"But I like to keep a balanced toolbox!"
I’m not sure how many times I’ve heard or read that one. It’s undoubtedly a big number. It’s usually the end or near the end of a trainer discussion on tools or techniques, and is intended to indicate that while a trainer (at least claims) to be primarily using tools and techniques that employ positive reinforcement, they also still like to use tools and techniques that rely on positive punishment/negative reinforcement. And they make this claim to open-mindedness with a brilliant rhetorical flourish! Or at least it probably seemed brilliant the first time it was used. I’m guessing around 1986.
But hey, what’s more open than reserving the right to use a leash pop or some electrical current when the going gets tough?
But really, we shouldn’t find this shocking (heh) when we still treat each other like this:
If pointless and gratuitous physical coercion to a kid is routine family TV (he really needed to sit in that chair NOW!) than how much sympathy do you think we can get for any non-human animal?
The fact is that human society is chock full of coercion and retribution. Last week I didn’t want to veer too far off into politics and I don’t want to go off on a philosophical tangent here, but consider how we treat each other. Coercion, whether it’s physical (most often with children) or not, is a big part of our society. Rewards are for frequent customers, credit cards, and bounty hunters. So it’s quite natural that our handling of non-human animals is even worse.
I’m currently enrolled in Dr. Susan Friedman’s Living and Learning with Animals course and just two weeks in I can see how this course is going to have a tremendous impact on how I work with both humans and dogs, and with how I solve problems. From the course description:
The philosophy of behavior underlying this course is that captive and companion animals, like all learners, must have power to operate effectively on their environment, in order to live behaviorally healthy lives.
Having the science of Applied Behavior Analysis carefully explained and also seeing it applied to a variety of different species has made it clear: it works.

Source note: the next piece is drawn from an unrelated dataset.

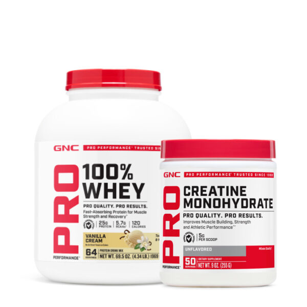 GNC Pro Performance 100% Whey, es un suplemento proteico en polvo de sabor (Vainila Cream o Chocolate Supreme), diseñado para apoyar la recuperación muscular y el crecimiento muscular, antes, durante o después de el ejercicio. Cada porción contiene 24gr de proteína de suero de leche de alta calidad, junto con los 9 aminoácidos esenciales.

But let’s look at more visceral example of how much someone can get done with a "closed toolbox:"
The elephant in this video is hanging out at the edge of the pen, happily responding to cues to move into different positions. (The electronic "beep" seems to be an event marker similar to a clicker.) If you watch the whole video you’ll see him lift his leg, allow the trainer to examine his ears, and respond to a variety of different cues. These are behaviors they use to care for the elephant with some fun stuff mixed in. Let’s review the zoo’s options for handling elephants.
- Restrain the elephant and force him to submit to handling. This is often where we end up with our children and our pets. Of course it’s easier to physically restrain a child or a dog than it is an elephant. (In Asia people do restrain elephants and treat them quite badly. They generally start out when the elephant is very small.)
- Sedate the elephant. This is risky, for both the elephant and the vet staff. It’s also of limited usefulness, since moving a sedated elephant is still a, pun intended, big problem. An awake cooperative elephant is a lot easier to work with.
- Don’t provide care for the elephant that requires cooperation. There are undoubtedly zoos that still choose this option.
- Do what we see here – convince the elephant that working with the trainer is a good thing.
Some would say that comparing this activity to working with a dog isn’t fair. The elephant is in a pen with steel columns protecting the trainer! I would tend to agree. Many people restrain their dogs so they can’t flee. This elephant has a choice the entire time – he could walk away from the bars any time he wants. But he stays. The trainer gave him a reason to.
This dog doesn’t have that choice:
I see two collars and some kind of head harness. And in case you missed the irony:
Yes, we need to shock dogs to get them to hold things in their mouth. I’m sure they’d say it’s complicated and we wouldn’t understand since we’re not professionals.
How did we get here? Where does the idea that when a dog (or child, or employee, etc.) doesn’t behave the way we want that meeting it with coercion and punishment (in the colloquial sense) isn’t just correct but virtuous?
Dr. Friedman refers to this phenomenon as "cultural fog.", based on a oft-cited quote from Gunnar Myrdal. The idea that rewards are "bribes" and the dogs and people should already be motivated to do the "right thing" as we define it is embedded in our culture. Dogs should work for praise. An employee’s reward for good work is more responsibility — which is corporate-speak for more work. And of course any popular artist seen taking money is a "sell-out."
So it’s not surprising that a "balanced toolbox" is seen not just as a necessity but as a badge of honor.
But I don’t accept that. If someone can convince a 15,000 pound elephant to cooperate with a physical examination without restraint or sedation, than there really is no excuse for needing coercion to get a dog to walk nicely on leash….let alone retrieve a bird.
I’ll take the smaller toolbox. Every time.